In defending Vazquez, DeOcampo has told the jury that his client had a job and was a hard worker, but she wrestled daily with an addiction to alcohol that stems from her being molested as a child by a baby-sitter and a feeling of being unloved by a stepfather.

Vazquez testified that she drinks to numb those feelings.

Hours before the fatal crash, Vazquez testified she went to the Rainbow Ballroom for a concert and friends were giving her cups of beer. "I don't know how to say 'no' once I start," she told the jury.

Vazquez said that because she felt "kind of buzzed," a friend drove her to Denny's, where they shared a meal and drank coffee. They stayed at the restaurant for about an hour before the friend drove her back to the Rainbow Ballroom to get his car. She said she and her friend then talked for awhile before she decided to drive home.

She said she never thought of asking her friend for a ride home or calling a taxi. "I really thought I was sober enough and OK to drive," she testified. Besides, she said, her friend would never allow her to drive drunk.

She recalled taking Highway 41 to Highway 180, but did not remember much after that. "I remember seeing the Jeep in front of me and I was almost about to hit it," she said.

Vazquez said she swerved left from the slow lane to the middle lane to avoid hitting the Jeep. "I remember the impact and the airbag deployed," she said. "I looked around to see if I hit anyone, anything. But I didn't see any cars. I was scared so I kept driving."

She recalled the CHP pulling her over and questioning her.

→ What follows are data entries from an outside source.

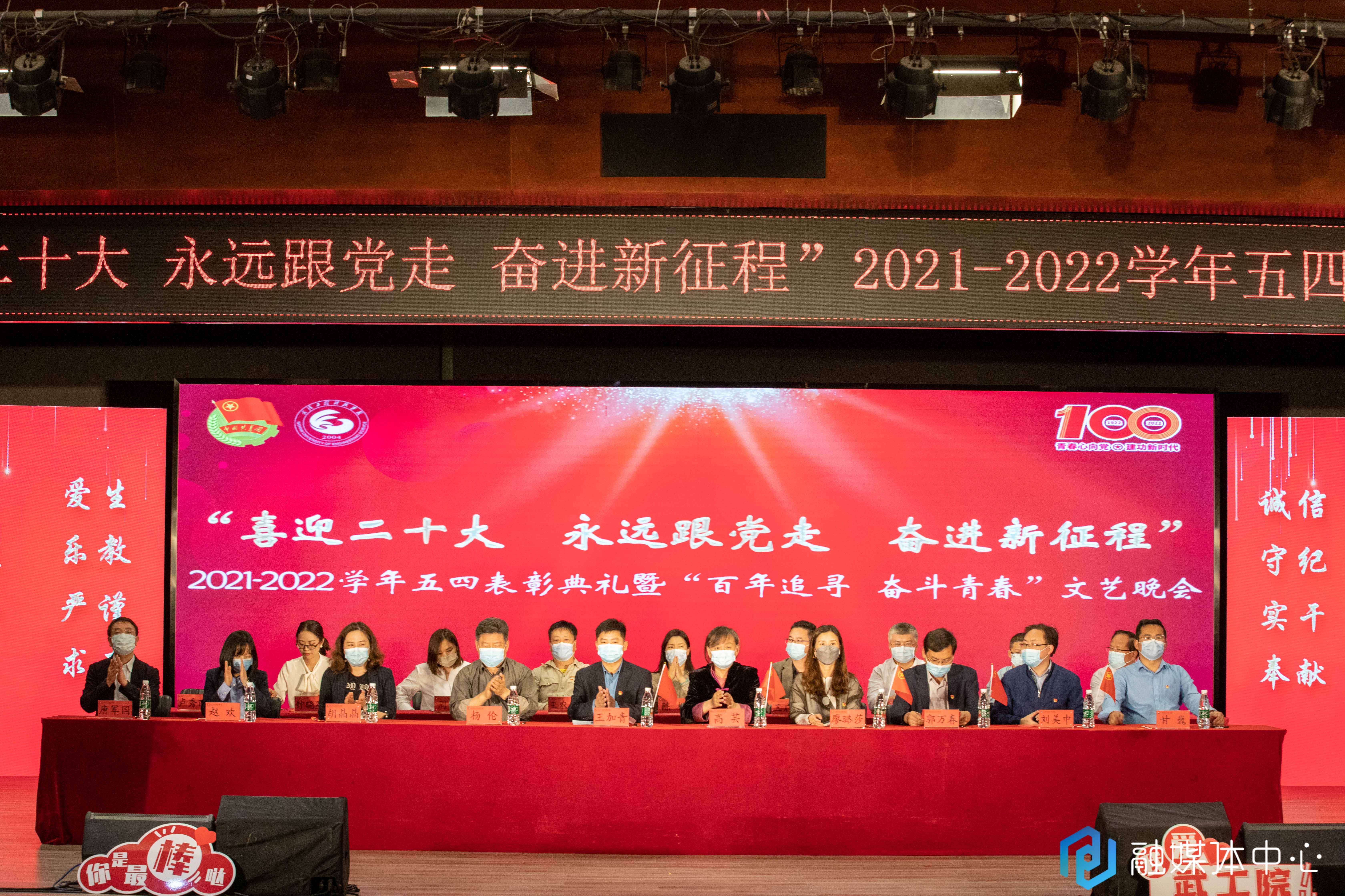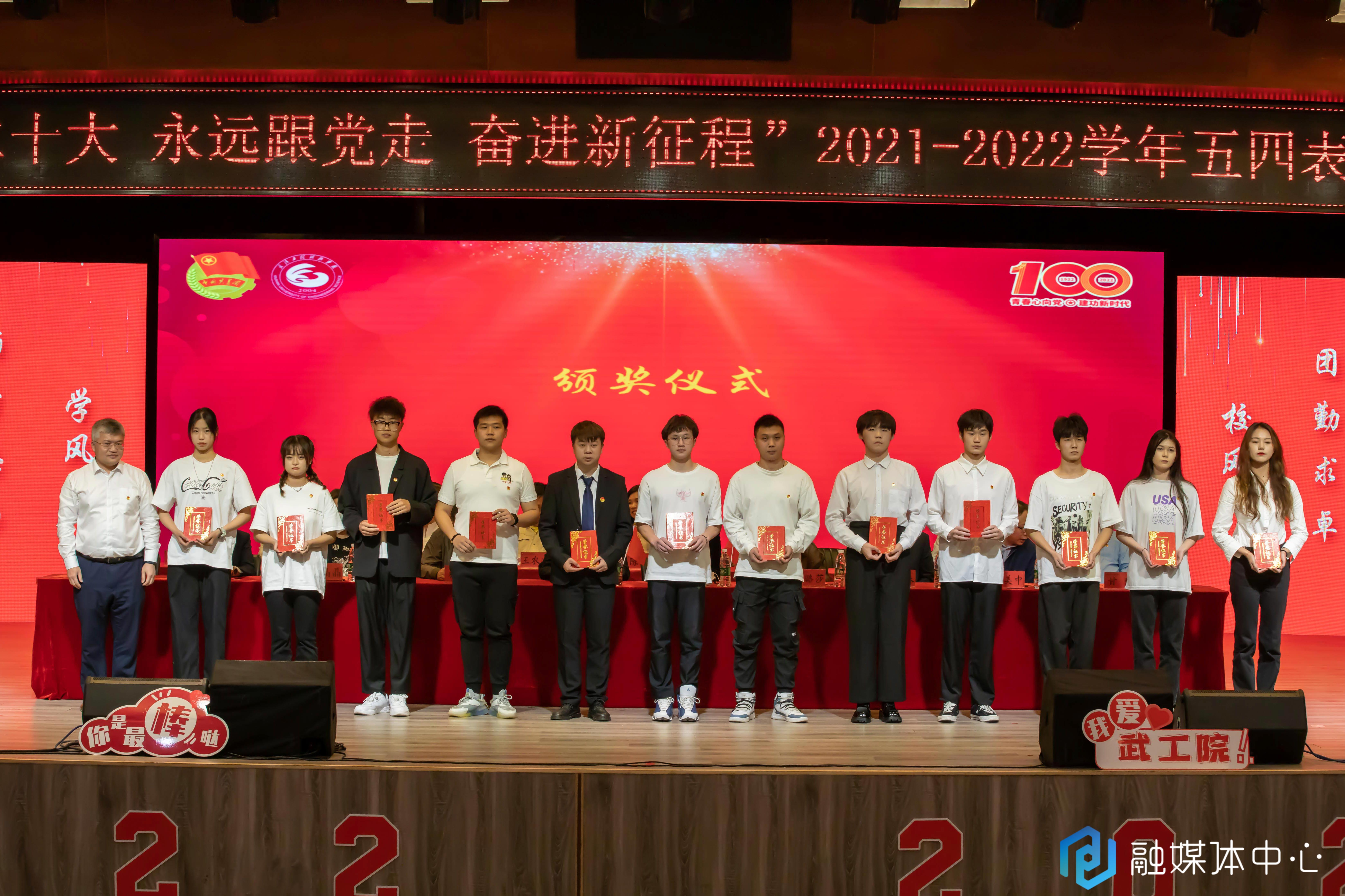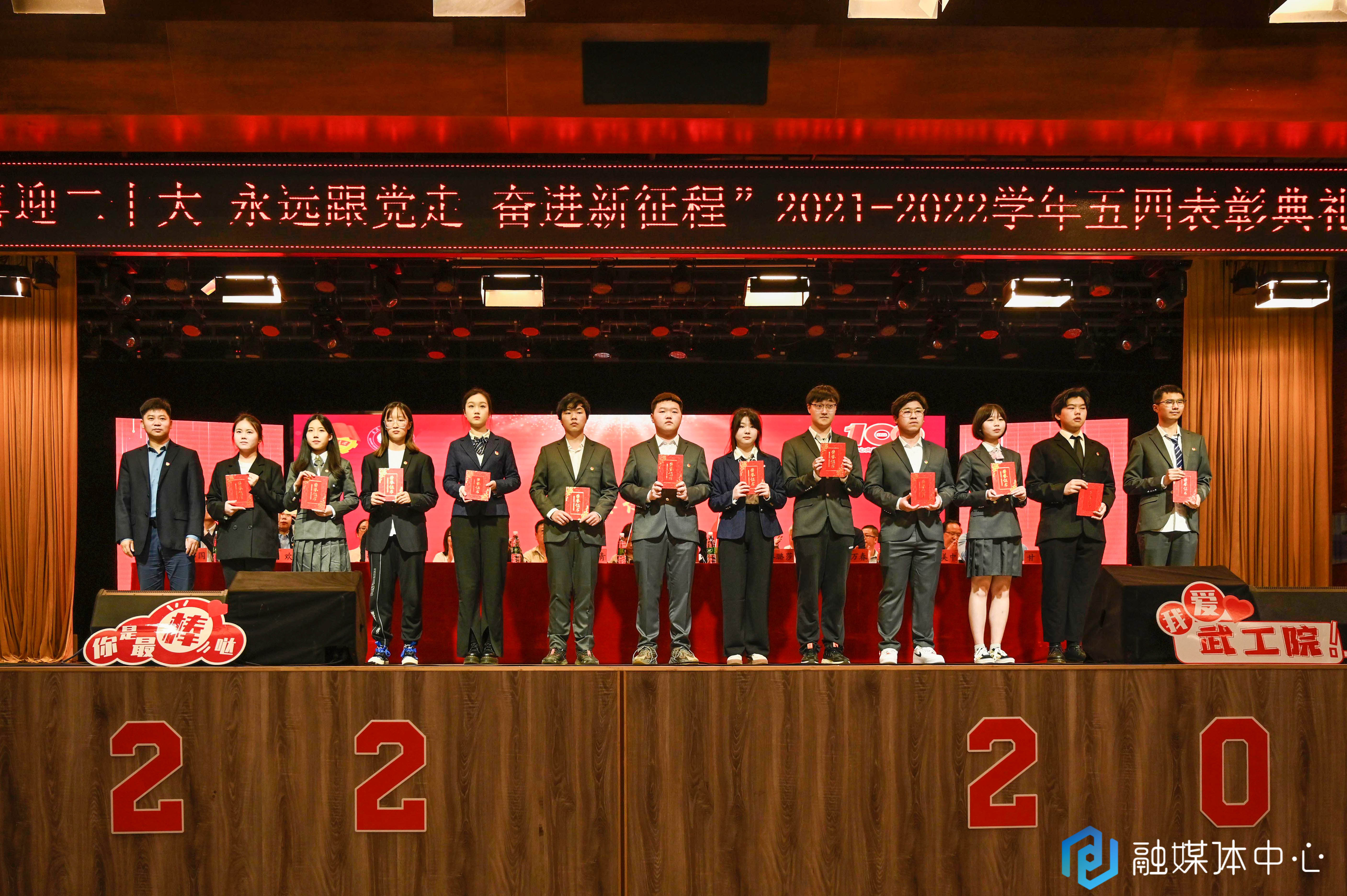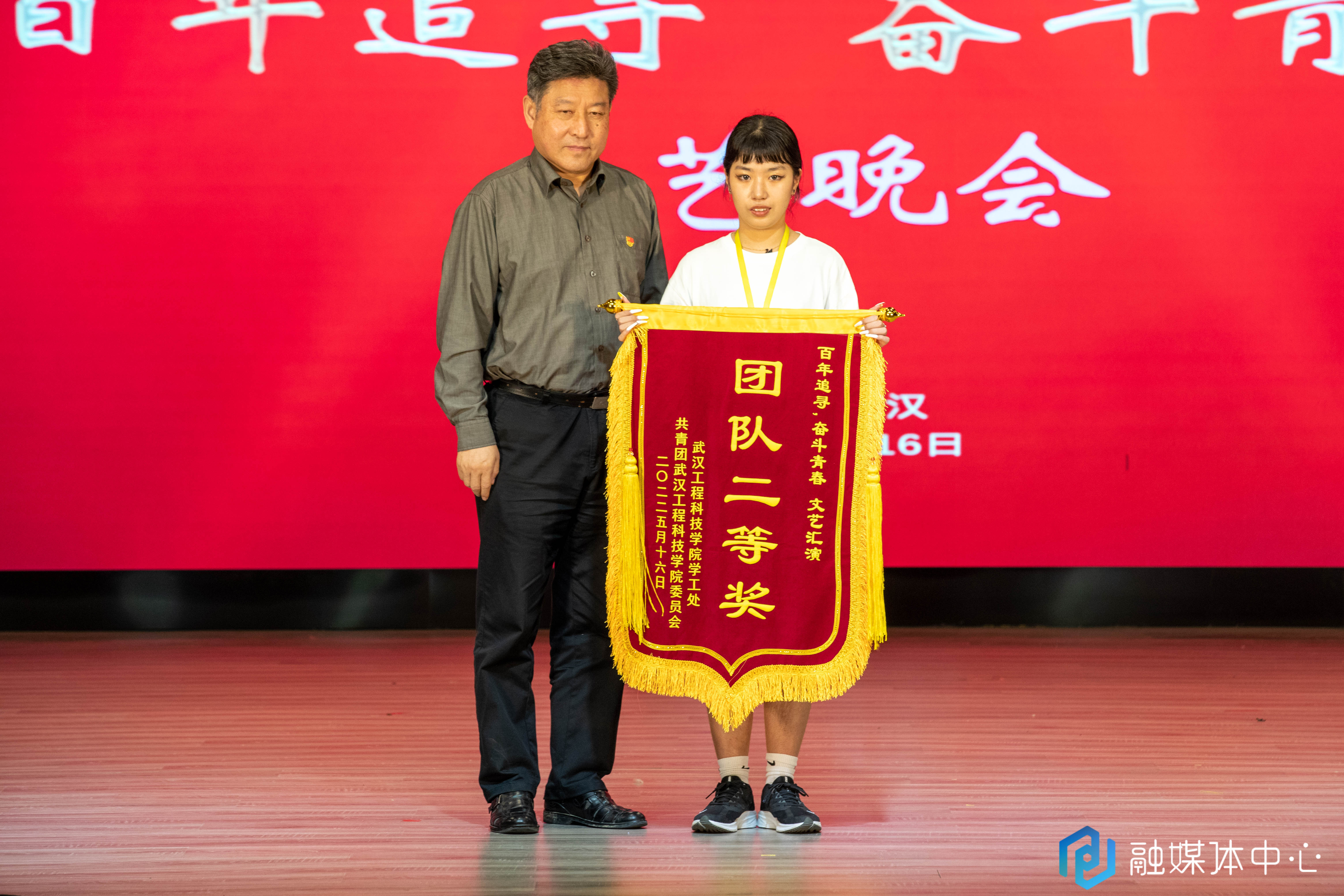 本网讯(大学生记者 徐彤晨 摄影:邱婉琪 潘力 饶晶宇 摄像:梅少菁 张茗 裴晟君 吴清凤)“青春孕育无限希望,青年创造美好明天。一个民族只有寄望青春、永葆青春,才能兴旺发达。”为庆祝中国共青团成立100周年,引导广大青年感悟自强精神,锤炼品德修养,奋进新时代,武汉工程科技学院“喜迎二十大,永远跟党走,奋进新征程”2021—2022 学年五四表彰典礼暨“百年追寻 奋斗青春”献礼建团百年文艺晚会于5月16日晚在三教报告厅举行。学校全体校领导,相关职能处室负责人,各学院党总支书记、团总支书记和师生代表参加了本次典礼。活动由学生工作处副处长、校团委书记钟晓星主持。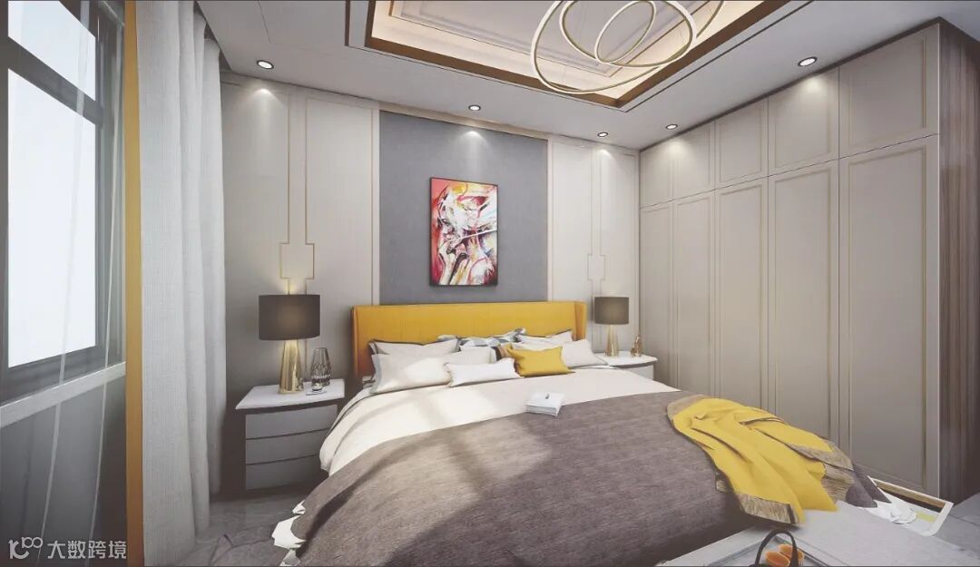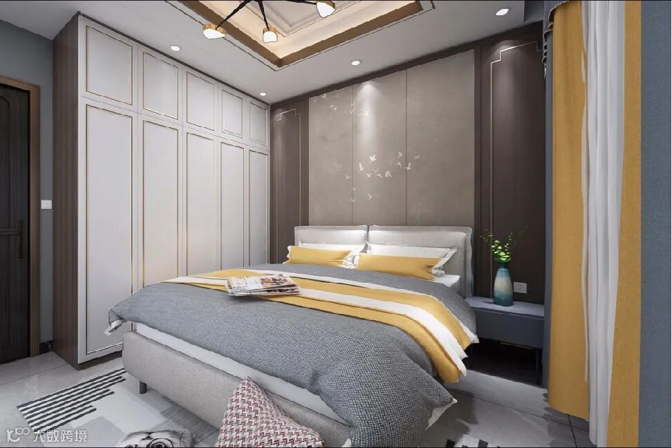 次卧用作父母房,在硬装的搭配上依旧加入金属元素,深色柜体浅色柜门,洋气而不失时尚。黄色元素的点缀,增添了一丝温馨感。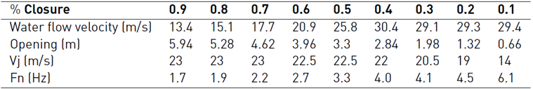The closure of the gate of tunnel 2 was carried out with the level of the reservoir at 388.50 masl, when the water was flowing at a rate of 300 m3/s through tunnel. The maximum velocity of the air through the aeration well was 30 m/s at 90% of the closure of the gate (i.e., 10% opening).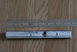 Top view of a Challenge Hi-Speed Quoin, model H M47, by The Challenge Mchry Co, Grand Haven, Michigan, U.S. The hole to the right of center is for a quoin key. The quoin is about 190 mm (7.5 in) long, and 18 mm (0.7 in) tall. The width expands by about 10 points, from 17 mm (0.68 in) to 21 mm (0.82 in) as the quoin key is turned clockwise.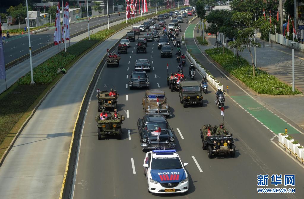 8月17日,參加印度尼西亞獨立日慶祝的車輛行駛在雅加達(dá)街頭。8月17日是印度尼西亞獨立日。新華社發(fā)(祖卡南攝)

She said she cooperated with officers, telling them that she thought she had hit a white Jeep. "I thought it was a simple bumper to bumper thing and (the other driver) could have went home."

A CHP officer told her that a man was killed in the collision. At first, Vazquez thought the officer was either kidding her or lying, she said. When she realized the officer was serious, she testified she fell to her knees and cried hysterically.

"I was in shock," she said. "I could not believe what I had caused. I knew after that I had to go to jail."